Source: https://cbaclelegalconnection.com/2019/03/28/
Timestamp: 2019-04-21 06:35:17+00:00

Document:
Mr. Roe plead guilty to conspiring to possess with intent to distribute 280 grams or more of cocaine base and five kilograms or more of cocaine. Pursuant to the terms of Mr. Roe’s plea agreement, the government requested a sentence below the twenty-year mandatory minimum. The district court sentenced Mr. Roe to a fifteen-year imprisonment.
Mr. Roe filed a § 2255 motion to vacate, set aside, or correct his sentence. He asserted trial counsel was ineffective for failing to challenge the drug quantity at the sentencing hearing, and for failing to file a notice of appeal as requested. The district court denied the drug-quantity claim, concluding Mr. Roe’s guilty plea established the relevant quantity. After trial counsel testified Mr. Roe never requested a notice of appeal be filed, Mr. Roe sought to amend his failure-to-file claim to focus on trial counsel’s failure to consult with him as to whether an appeal should be filed. The district court concluded that the failure-to-consult claim was an untimely new claim that did not relate back to the failure-to-file claim set forth in the original § 2255 motion, or in the alternative, the failure-to-consult claim failed on the merits.
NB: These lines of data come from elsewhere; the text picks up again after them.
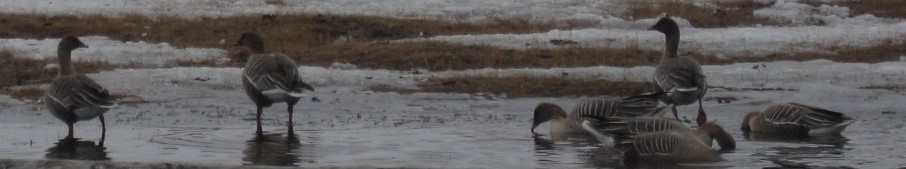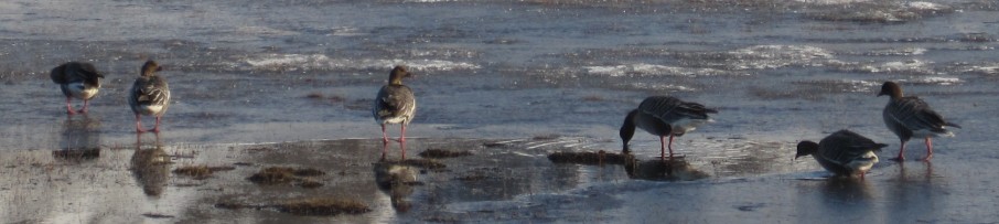 We rijden Adventdalen in en tellen xx brandganzen en xx kleine rietganzen. Daarnaast lezen we ook ringen en halsbanden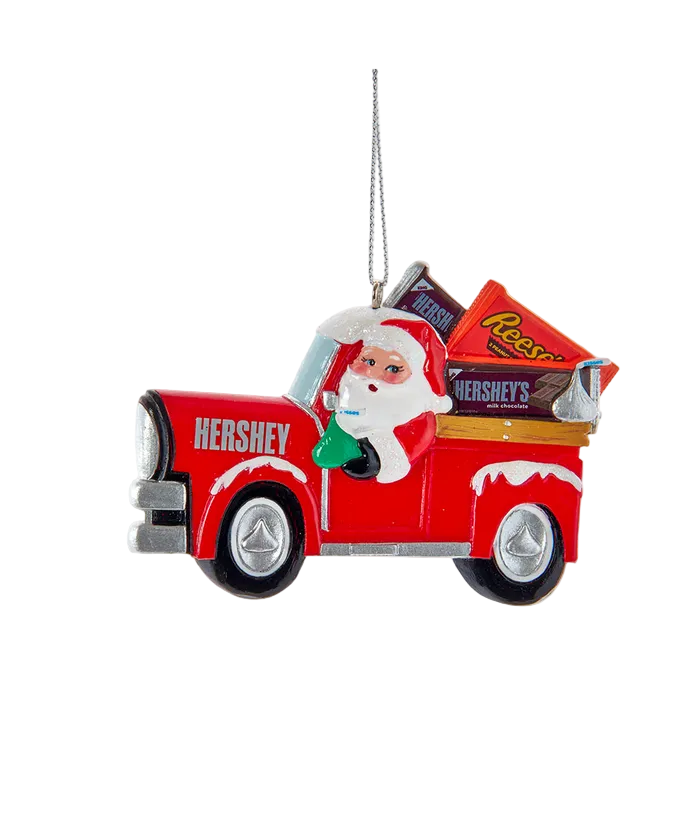 Kurt Adler's Hershey's™ truck with candy is a sweet addition to your holiday décor or Christmas tree. It features Santa holding a green Hershey's™ Kiss in the drivers seat and assorted Hershey's™ candy in the back.
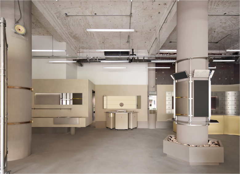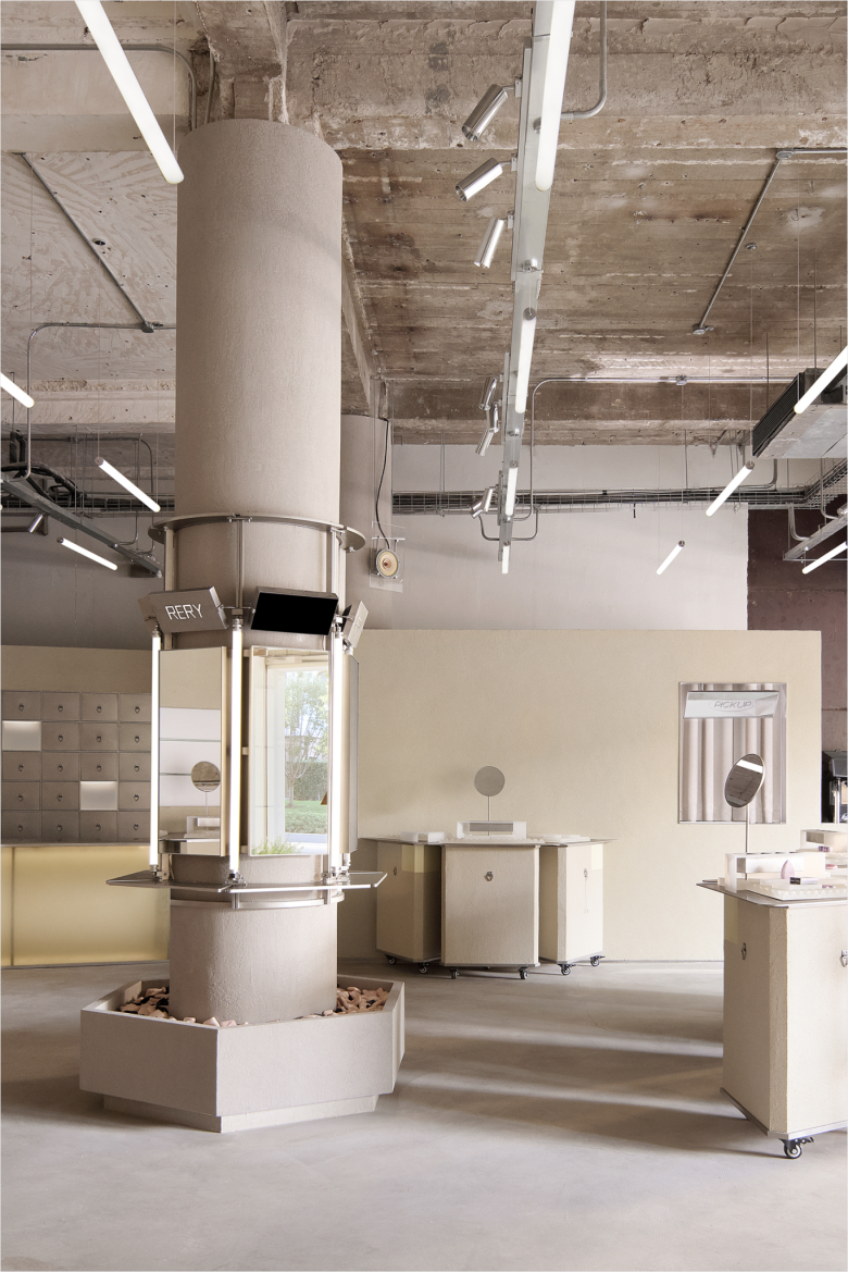 Upon entering RERY Fashion Lifestyle Centre, customers encounter a lighthouse-inspired installation made of yellow translucent resin which serves as a visual anchor for brand identity. Around the lighthouse, three sets of metal display racks present beauty products. For special showcases, resin panel screens can be unfolded and fixed to the wall’s metal structure, providing a flat display surface. Similar nifty versatility can be found in the make-up trial zone where a yellow mobile cabinet embeds into the wall, freeing up floor space to create large gathering areas. However, when extended and anchored to a structural column, its foldable desktop unfurls alongside an integrated mirror, and an intimate vanity space emerges for shoppers who require a private nook..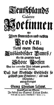 - ↑ See title page (in German) at File:Galante Poetinnen 0002 (Wikimedia Commons)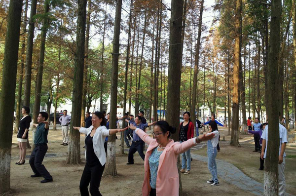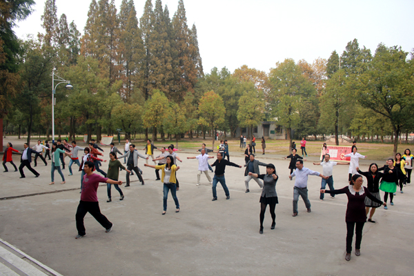 活动开展到现在,得到了广大教职员工的热情响应,整个校园充满活力,每天上午(10:00至10:20)课间操期间,在各校区的办公楼前,教学楼走廊等处都可以看到领导老师做操的身影,吸引了众多学生好奇和尊重的眼光,整个校园充满活力,笑脸多了,生活美了,距离近了,健身的意识浓了,在秋日阳光的照射下,教师光彩照人。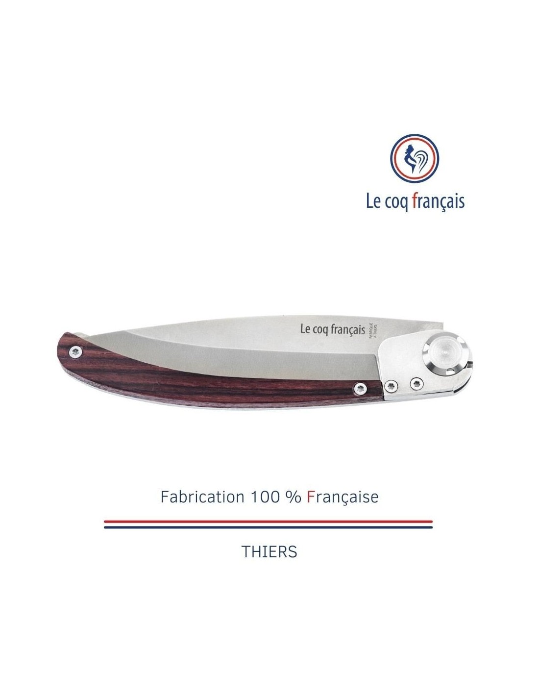 Le fameux couteaux Le Coq Français Original extra plat au design intemporel et à la gravure unique. Etui inclus.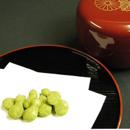 秀吉をイメージして、瓢箪の型をとり、京都・宇治のお抹茶をまぶしました。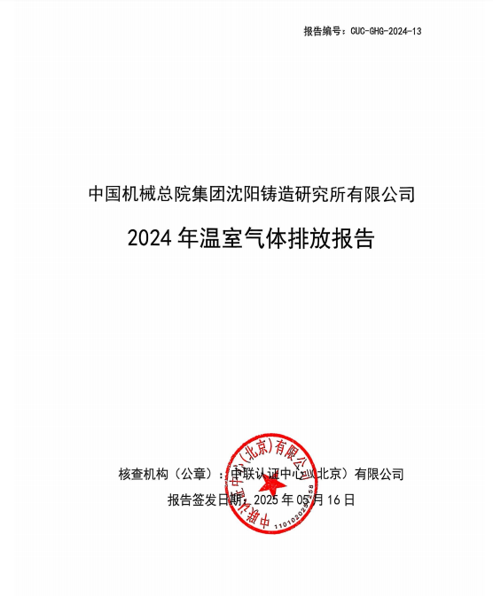 中国机械总院集团沈阳铸造研究所有限公司-2024年温室气体排放报告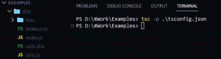 此命令編譯 JavaScript 程式碼並在指定的輸出目錄(此示例中為 dist)中生成相應的宣告檔案。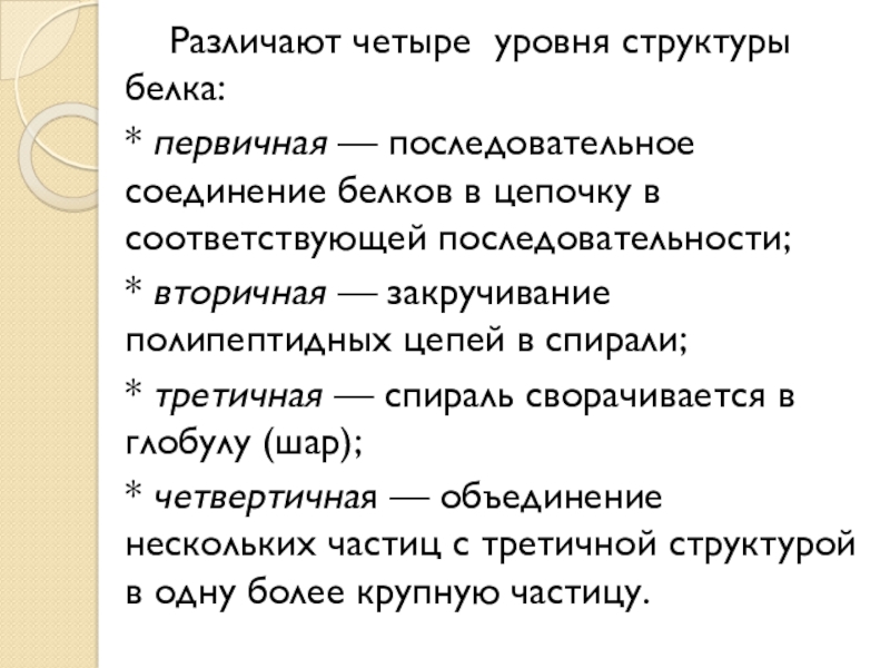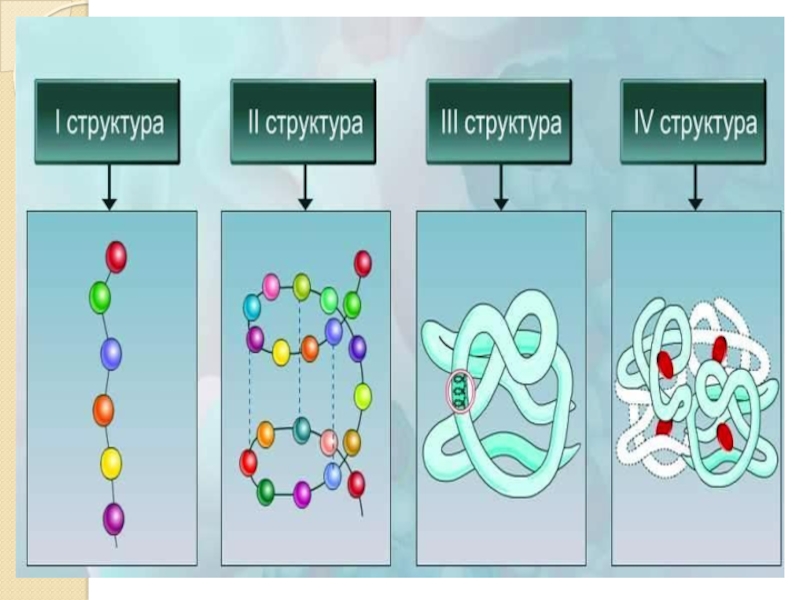 Слайд 10Различают четыре уровня структуры белка:

The Court of Appeals affirmed the district court’s rulings. The Court held that when a criminal defendant enters a knowing and voluntary guilty plea to an indictment charging a drug conspiracy with an attendant quantity element, the defendant is subject to the enhanced penalties associated with the quantity. The Court also held Mr. Roe’s failure-to-consult claim did not relate back to his failure-to-file claim, and was therefore untimely.
In his original § 2255 motion, Mr. Roe asserted trial counsel should have objected at the sentencing to the applicability of the quantity-based, statutory mandatory minimum sentence. Specifically, Mr. Roe took issue with the quantity of drugs calculated in the Presentence Investigation Report. The district court rejected Mr. Roe’s argument, finding that Mr. Roe knowingly and voluntarily admitted in the plea agreement that he conspired to distribute and possess with intent to distribute five kilograms or more of cocaine.
The district court concluded that the precise amount of drugs calculated in the Presentence Investigation Report was immaterial, because Mr. Roe’s plea to a conspiracy involving five kilograms or more of cocaine established the statutory minimum for his sentence. The district court noted that Mr. Roe never lodged a substantive, stand-alone challenge to the factual basis of his guilty plea. In other words, Mr. Roe did not seek to invalidate his plea on the basis that it is not supported by an adequate factual basis; instead, he attempted to escape the burden of his guilty plea while maintaining the benefits flowing from the plea agreement. The district court ruled that because Mr. Roe entered the guilty plea, the trial counsel’s failure to object to the sentence was neither deficient nor prejudicial.
On appeal, Mr. Roe argued that the district court erred in determining that the admission in his guilty plea established the applicability of the mandatory minimum. The Court of Appeals disagreed, finding that a knowing and voluntary guilty plea to a charge with an attendant quality element subjects the defendant to any enhanced penalties associated with that quantity. Therefore, the district court was correct in its ruling that Mr. Roe’s guilty plea established the applicability of the mandatory minimum, and thus Mr. Roe’s claim that his trial counsel was ineffective for failing to object to the applicability of the twenty-year mandatory minimum sentence must fail.
Mr. Roe also asserted in his original § 2255 motion that he specifically instructed his trial counsel to file a notice of appeal. Following an evidentiary hearing, trial counsel testified that an appeal had never been discussed, and Mr. Roe had never instructed him to file a notice of appeal. Mr. Roe then sought to amend his § 2255 motion to include a failure-to-consult claim, and argued that his conduct during representation should have led trial counsel to believe Mr. Roe was interested in filing an appeal. In support of this position, Mr. Roe asserted that the question of whether the PSR attributed too much cocaine to Mr. Roe and whether there was a sufficient factual basis for a guilty plea to the conspiracy count. The district court concluded that the failure-to-consult claim was a new theory, and therefore time-barred. In the alternative, the district court further rejected the failure-to-consult claim on the merits.
The Court of Appeals agreed with the district court, concluding that the failure-to-consult claim set out in the amended § 2255 motion was based on an entirely new theory that would have had to be pleaded discreetly and supported by separate, specific factual averments. Therefore, the failure-to-consult claim did not assert a claim that arose out of the conduct in the original pleading and thus did not relate back to the original pleading. The Court of Appeals therefore held that because the failure-to-consult claim did not relate back to the original pleading, and was filed well past the one-year statute of limitation period, the failure-to-consult claim was time-barred.